Все заботы Александра Николаевича сосредоточились теперь на саде, который взошел в полную силу как раз в год начала войны. С краю вдоль всего участка был выстроен деревянный каркас высотой метра в два с половиной. На него подвязывались виноградные лозы, образуя пятнистую от солнечного света галерею, с которой свисали сизо-синие гроздья Донского, нежный раннеспелый Мадлен, прозрачно-зеленый, с несколько парфюмерным оттенком во вкусе. Весной обливались розово-белым цветом, как лавиной, яблони, а еще раньше их вишни у дальнего забора вспухали сквозистыми, через три-четыре дня опадающими облаками.
Александр Николаевич холил каждое дерево. Особенно берег он яблони, посаженные Костей. Летом, когда все поспевало, он отбирал лучшие плоды в корзины, обвязывал их полотном и, воздев на коромысло, осторожно спускался с горы к трамвайной остановке.
— Опять на базар накрячил! — пускали вслед бабы-соседки.
Он не унижался до объяснений с ними. Он никому не хотел объяснять, куда везет корзины. Это было его личное дело.

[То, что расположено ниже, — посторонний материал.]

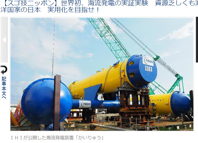 如何安全又環保的發電視一大考驗,日本研究團隊在鹿兒島縣吐噶喇群島外海進行洋流發電實證實驗,藉由黑潮轉動渦輪機成功發電,結果最大發電量達30千瓦(KW),這也是使用實驗機實際利用洋流成功發電的全球首例。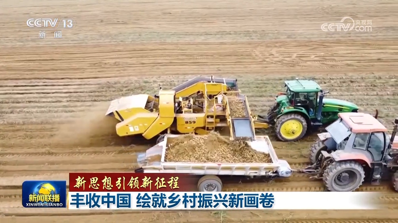 金秋时节,广袤田野上稻浪滚滚、五谷丰登。在东北平原,黑龙江北大荒集团鹤山农场的33万亩大豆迎来收获,53台大马力收割机,正抓住晴好天气昼夜抢收。在黄淮海地区,玉米收获陆续开启。在西南地区,水稻收获进入尾声。内蒙古鄂尔多斯的马铃薯收获进入高峰,新投入的联合收获机让马铃薯实现了全程机械化采收。这一幅幅绚烂的丰收画卷凝聚着亿万农民的耕耘与奋斗。 习近平总书记高度重视“三农”工作,推动设立“中国农民丰收节”,这是第一个在国家层面为农民设立的节日。在第七个中国农民丰收节到来之际,习近平总书记向全国广大农民和工作在“三农”战线上的同志们致以节日祝贺。他强调,要千方百计推动农业增效益、农民增收入、农村增活力,让农民群众可感可及、得到实惠。 粮食安全是“国之大者”。习近平总书记指出,今年,我们克服较为严重的自然灾害等不利影响,实现夏粮增产、早稻稳产,全年粮食有望再获丰收,为巩固和增强经济回升向好态势、推动高质量发展提供了有力支撑。

Он вез их в госпиталь, который открылся здесь, в глубоком тылу, и где сразу же начала работать Кася. Он шел не на кухню, к «ворам-поварам», он добивался, чтобы попасть прямо в отделение. Главврач разрешал скрепя сердце. Александру Николаевичу выдавали халат, и он появлялся со своей ивовой корзиной в палатах. «Только занесите мне дизентерию! — грозился главный, сам выбирая глазами яблочко. — Ведь меня тогда посадят!» Но с началом войны, на удивление, снизились, практически исчезли кишечные заболевания, если, конечно, не считать диспепсию на почве голодания, простудные, язвенные давали много случаев самоизлечения. Будто общий потенциал здоровья у народа повысился. Зато хирурги задыхались от работы. Ну, не мог он запретить таскать корзинами витамины прямо с дерева. Надо было видеть, как оживлялись раненые, даже у загипсованных, неподвижных веселели глаза, когда разносился по палате душистый дух и хруст и сочное чавканье: сине-алые анисы, блестящие, будто лакированные, мельбы, розово-кремоватые с одного бочка, занявшиеся темным румянцем с другого.